I have been with my husband for 12 yrs, married for 7. We have a beautiful son 2yrs but since he was born, it has put a little strain on our relationship.
Around the same time my husband has been going overseas for work. When he came back the last time I discovered he had been sexting an old girlfriend and sending her short xrated clips of what he want to do to her. I confronted him and he apologised saying that he would never see her again and we agreed it was a wake up call for both of us and have tried to put it behind us.
He is away overseas again and I found on a credit card statement that he has been spending $400 a month for the past 3 months on an online dating site to meet women for dating and marriage in the country he has been going for work. I am completely floored and don't know what to do. He arrives back in a few days.
All I can think of is what it will do to my young son who I love with all my heart.
I'm so disillusioned.


----------



## Couleur (Apr 4, 2012)

Well, you've got to change something.

The hardest, but cleanest, thing to do would be to start divorce proceedings. You can tell your husband that after the first cheating episode you made it clear that one of your boundaries is that if your H cheats you will leave the marriage. The credit card bill clearly shows that he has violated that boundary. Therefore you have no choice but to file.

If he pleads for you to give him a second chance for the sake of your child, you will need to lay out your conditions. I'd suggest that your H change jobs so he no longer has to travel overseas. If he is unable to do that, then ask yourself if it is possible for you to go with him. If it is possible for him to rework his job, but it will take him 6 months to a year to do so, you can decide if you are willing to stay together in an in house separation or as a married couple while he works these things out. 
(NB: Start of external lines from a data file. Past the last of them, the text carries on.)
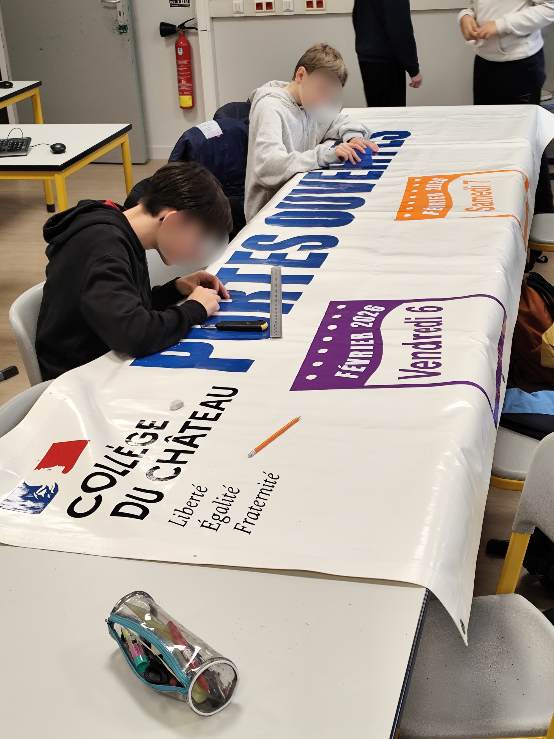 Quand des élèves de l’atelier Fablab du collège prépare la banderole pour les portes ouvertes de l’établissement. D’autres échangent avec M. LANDOUAR, notre agent de maintenace du collège pour compléter la signalétique du collège pour aider les personnes à se repérer.
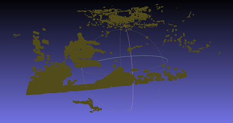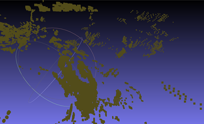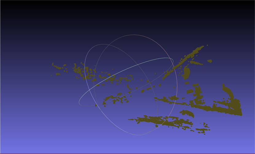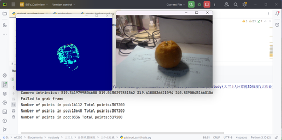 本实验的远景信息点云并没有去除前景物体,同时前景物体(第一个点云)也没有进行深度滤波,所以用MeshLab查看实际拼接效果(见第6部分成果展示)的时候,会发现除了橘子的"一瓣表面"之外,还有很多背景的杂质点群。所以使用的方法也仅仅限于第6部分的最小二乘法和ICP精配准,未使用第7部分的质心法,因为质心法对于前景物体点云的提纯度有很高要求。
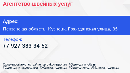 Агентство швейных услуг по адресу Пензенская область, Кузнецк, Гражданская улица, 85 в дальнейшем Организация, размещена в следующих категориях:
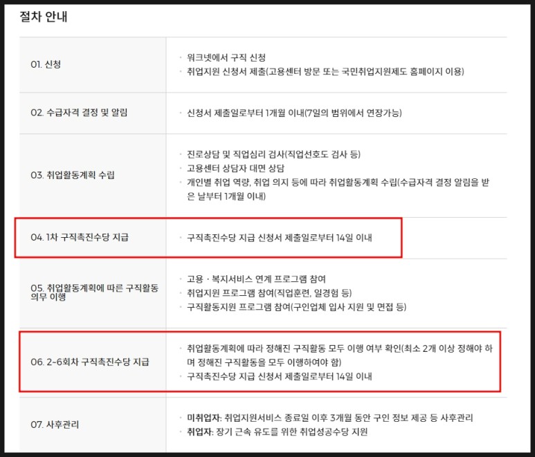 - 취업활동계획에 따라 정해진 활동을 모두 이행해야 하며, 지급 신청서 제출일로부터 14일 이내에 지급합니다.
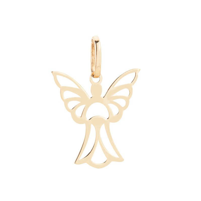 Pingente anjo vazado de 14mm em ouro 18k.
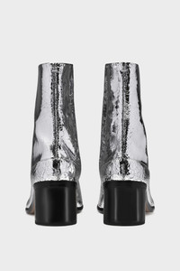 The Tabi boots in the broken mirror finish feature the Maison's iconic Tabi split-toe shape and contrast cylindrical heel. Tabi styles are inspired by the traditional 15th century Japanese sock bearing the same name. It captures the avant-garde and insubordinate spirit of the Maison and exists as a heritage classic, continually explored through each collection. 6cm heel. Product Details Item ID S37WU0431P5016T9002 Upper: 100% Calf leather Lining: 100% Lamb leather Sole: 100% Calf leather Contrast: 100% Rubber Heel height: 6 cm/2,3 in Cylindrical heel Tabi split toe Broken mirror effect White stitching at the back Hook closure Brand logo on the insole Internal logo stamping Made in Italy A digital certificate provided by the Aura Blockchain Consortium guarantees the authenticity of this product. Discover more on auraluxuryblockchain.com/#about
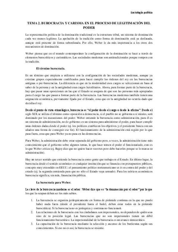 He publicado nuevos apuntes de 3º Sociología Política: Tema 2. Burocracia y carisma en el proceso de legitimación del poder.pdf
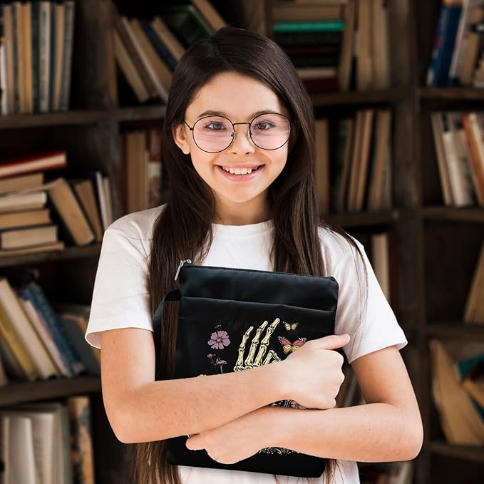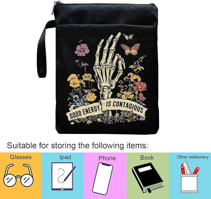 Book Sleeve, Book Sleeve with Zipper, Book Sleeve for Book Lovers, The Reader Tarot Card Book Sleeves, Book Pouch Kindle Protector, Gifts for Women Teacher Librarian Bookworm Bookish (Black-D, Large)
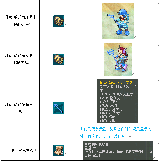 (2) 『蔚蓝-海洋特典装扮福袋』内的『附魔-蔚蓝海洋男士服饰衣箱』,服饰限制皆为男性,武器附魔则为通用。
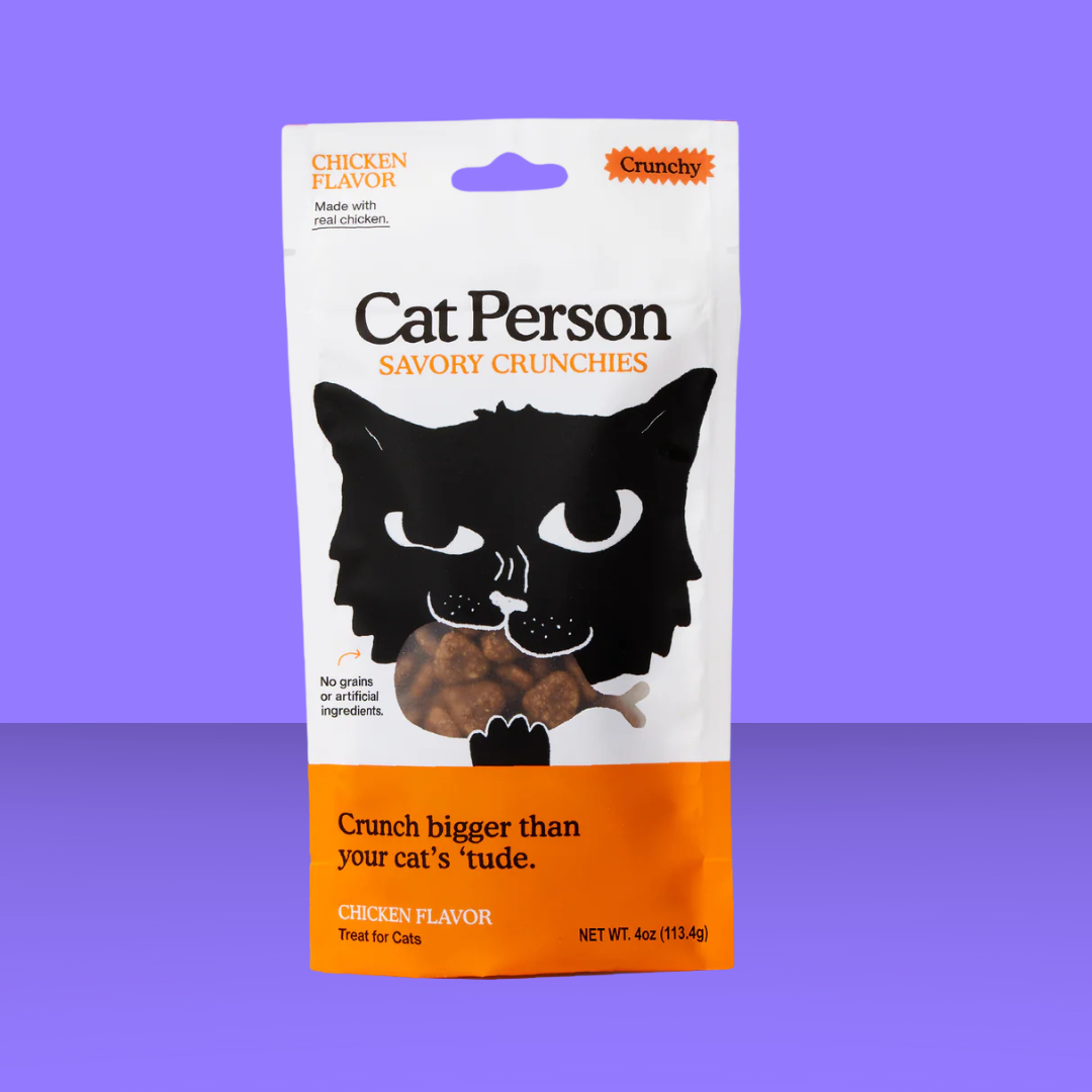 You're a cat person, and that means you want to pick the crunchy treats that make your cat purr! These treats are made with you (and your kitty) in mind. They're packed with real chicken, fiber-rich pumpkin, and flaxseed for a shiny coat. Perfect for indulging your cat’s meat-tooth with satisfying, tasty bites- we know your cat will be demanding more!
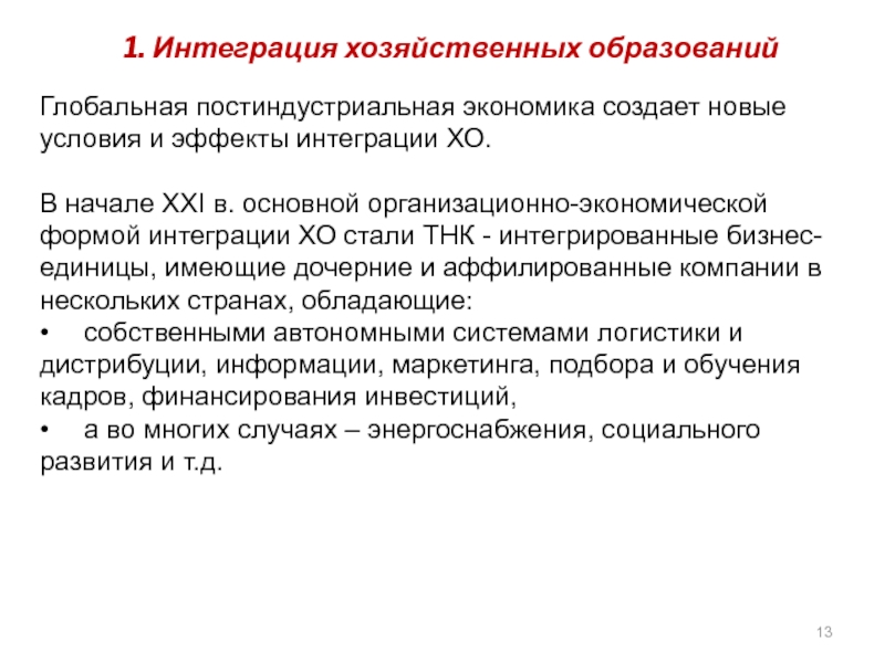 ИНТЕГРАЦИЯ корпораций – означает не просто объединение хозяйствующих субъектов, а:
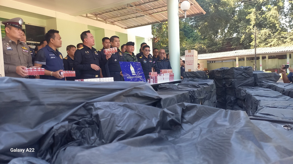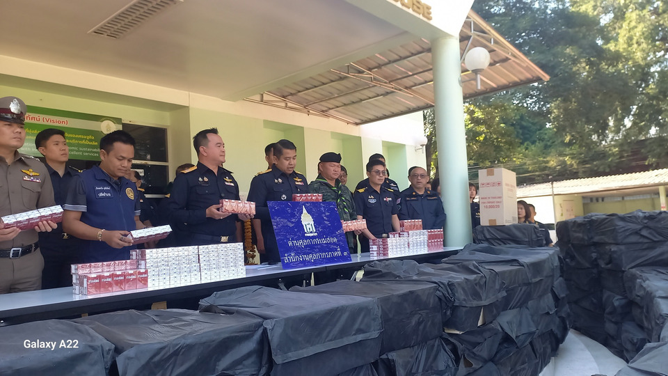 วันที่ 3 ธันวาคม 2568. นายยอดพล วิชญกุล นายด่านศุลกากรแม่สอด ชายแดนไทย-เมียนมา อ.แม่สอด จ.ตาก ได้แถลงข่าวผลการป้องกัน ปราบปรามและจับกุม ร่วมกับ ส่วนควบคุมทางศุลกากร สำนักงานศุลกากรภาคที่ 3,นายคมวิช สุขพจนี สรรพสามิตพื้นที่ตาก และหน่วยงานความมั่นคงในพื้นที่ พ.อ.ทรงพล อุ่นสมบัติ รองผู้บังคับหน่วยเฉพาะกิจราชมนู- ตัวแทน พ.ต.อ.รัง ดาวดึงษ์ ผู้กำกับการสถานีตำรวจภูธรแม่สอด-นายภัทรดนัย อุทัยรัตน์ ปลัดอำเภอแม่สอด ตัวแทนฝ่ายปกครองอำเภอแม่สอด บูรณาการ สนธิกำลังร่วม เข้มงวดในการปราบปรามสินค้าผิดกฎหมาย เข้มงวดในการปราบปรามสินค้าผิดกฎหมาย โดยได้ตรวจยืด บุหรี่ ยี่ห้อ กรองทิพย์ 90 มีถิ่นกำเนิดในประเทศไทย (เพื่อการส่งออกเท่านั้น) จำนวน 10,000 หีบห่อ (2,000,000 มวน) มูลค่าประมาณ 10,500,000 บาท (สิบล้านห้าแสนบาท) ตามนโยบายของรัฐบาลในการป้องกันและปราบปรามการลักลอบนำของผิดกฎหมายเข้าในประเทศ
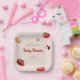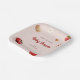 Teller mit niedlichen Lovebug-, Kuchen-, Blume- und Erdbeerabbildungen in rot, weiß und hellbraun. Zusammen mit den Illustrationen sind ein spielerischer Skript-Schriftart und eine elegante Sans Serif, in dem alles, was Sie personalisierte Informationen geschrieben werden. Karo in unserem Shop für weitere Artikel aus dieser Kollektion.
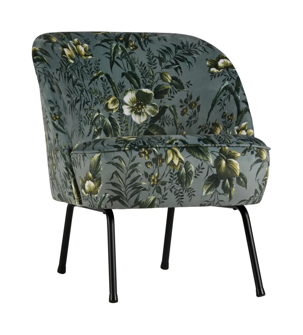 De Vogue fauteuil is gestoffeerd met een prachtige en rijke velvet stof met bloemenprint (100% polyester). De velvet bekleding is beschikbaar in de kleuren grijs en mosterd. De poten zijn gemaakt van metaal dat is afgewerkt in een zwarte kleur. De Vogue fauteuil heeft een hoogte van 69 cm, een breedte van 57 cm en een diepte van 70 cm. De voorpoten hebben een hoogte van 25 cm en de achterpoten hebben een hoogte van 22,5 cm. De zithoogte is 44 cm, de zitdiepte is 54 cm en de zitbreedte is 54cm.
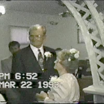 Wedding Surprise. Older couple marry, kiss and bride's wig falls off.
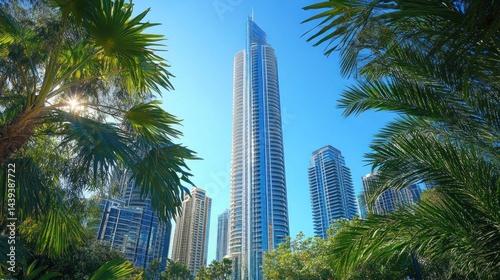 © wahyu, Naklejka premium Corporate tower with clear sky background
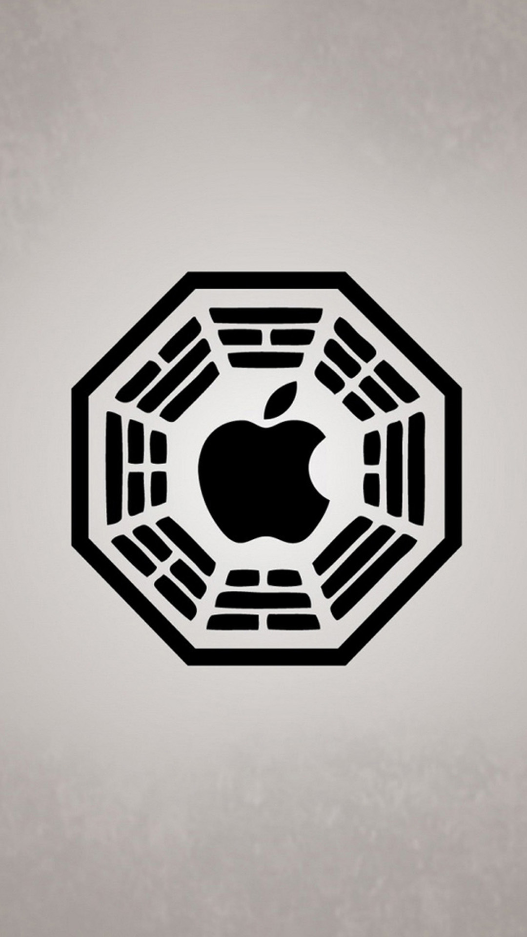 Description: A black and white photo of an apple logo on a laptop computer screen with a circular design on the side.
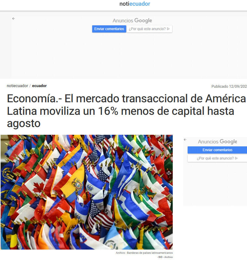 Economía.- El mercado transaccional de América Latina moviliza un 16% menos de capital hasta agosto
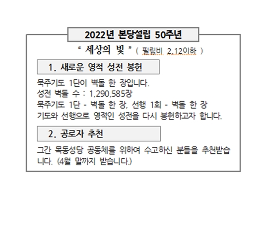 2022년 본당설립 50주년 페이지 정보 작성자 사무실 댓글 0건 조회Hit 4,526회 작성일Date 22-04-14 10:16 본문 2022년 본당설립 50주년 목록 이전글사순 저금통 22.04.21 다음글엘리야의 빵조각 (1열왕 17,8 이하) 22.04.14 댓글목록 댓글목록 등록된 댓글이 없습니다.
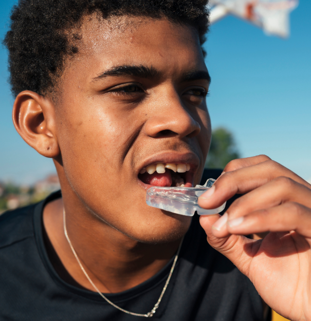 For people who have to wear braces or other fixed orthodontic appliances, it is especially important to have a sports mouthguard that fits them properly. An impact to the mouth can damage the brackets and wires of the braces, and can also cause added cuts and tears to the soft tissue inside your mouth.
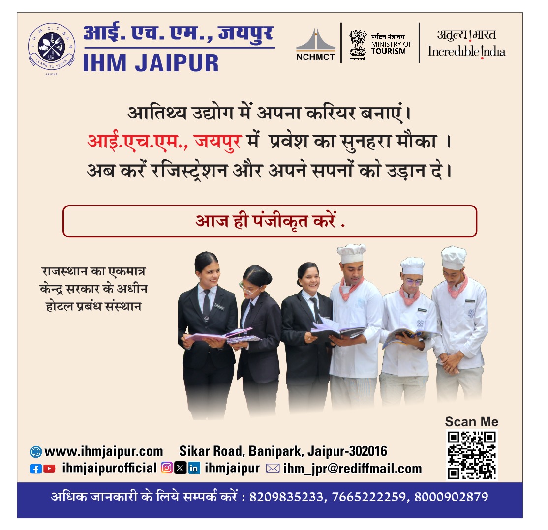 Dear Student,Let me take this opportunity to welcome you all to IHM family, Jaipur. I hereby, congratulate you for choosing the hospitality industry as a career. At IHM Jaipur we shall do our utmost to ensure that you receive the right kind of guidance, advice and counseling which shall enable you to prepare yourself for a progressive career in the hospitality industry.
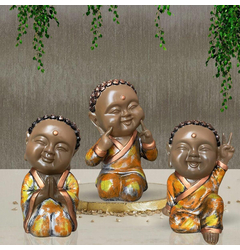 Handmade Cute Baby Buddha and Gold Buddha Statues, Buddha Gifts, Housewarming Gifts for Home Decor (Pack of 3, Multicolour)
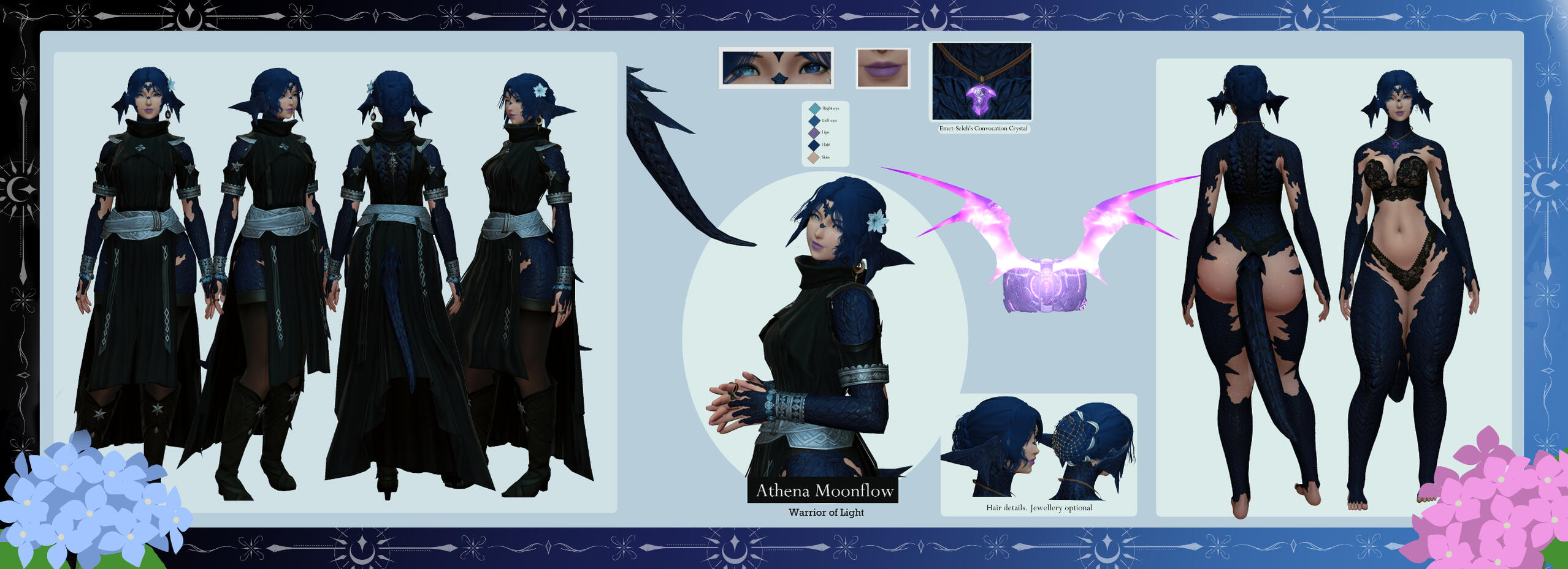 Five years after the Seventh Umbral Calamity, the land begins to repair itself, and so is the beginning of Athena's journey.Upon hearing about the progress of the land, Athena's father wished to journey back to Eorzea; partly to see the land's progress, and partly to research what remains of Carteneau, but the wounds from his battle five years prior prevent him from being healthy enough to do so. Not wanting her father's wish to go unfulfilled, Athena decides to travel in his stead, and hoping that she would also seek answers about her strange dreams and visions, which have now gotten more frequent. Her parents are supportive of her decision, and help prepare her for the journey ahead. Her mother equipped her with a sword to help protect herself on her journey, and her father bestowed upon her his very first grimoire; a relic filled with innate knowledge and information on the use of magic, hoping that one day, Athena could train herself into a powerful mage.Athena left the Steppe to board a boat in Kugane that would lead her to Eorzea, and there she would take on a new name to signify a new part in her story, a story that would become her own. She was now known as Athena Moonflow.Arriving in Ul'dah by chocobo carriage, Athena established herself quickly as a keen adventurer. She registered with the Gladiator's guild to hone her skills with the sword her mother gave her, but she hoped that she could train in magic one day. Through her good deeds and the show of her Echo, she was noticed by Thancred, who befriended her and eventually led her to the Scions of the Seventh Dawn. It was here that she met Minfilia, another blessed with the powers of the Echo, and they became quite close through their shared powers.Athena's name quickly became known throughout her Eorzea; her slaying of Primals without fear of tempering soon granted her the title the Warrior of Light - something which caught the eye of a different enemy, the Ascians.Thancred's possession by the Ascian Lahabrea upset Athena greatly, having grown quite close to the man throughout their current travels. Resolved to save him, Athena's quest led her to the discovery of the Ultima Weapon and her confrontation with Gaius van Baelsar. Athena would emerge victorious, and bring forth the Eight Astral Era, with her title being known far wider than she ever imagined.

There are a lot of women who can forgive one affair, but very few who will stay with a habitual cheater.


----------



## kiwoz (Oct 22, 2012)

Thank you for you measured insight. I am completely shattered by this as up to a few months ago I had complete trust in H. Now everything I see seems to reinforce that I have been walking around blindly as far as he is concerned.
It is hard for him to change jobs as we have just bought into this business that takes him O/S and he is the key to making it work.
I work too, so going with him is not really an option as he goes every couple of months for up to 10 days at a time.
I will take your advice on board and confront him when he gets back.
Thanks


----------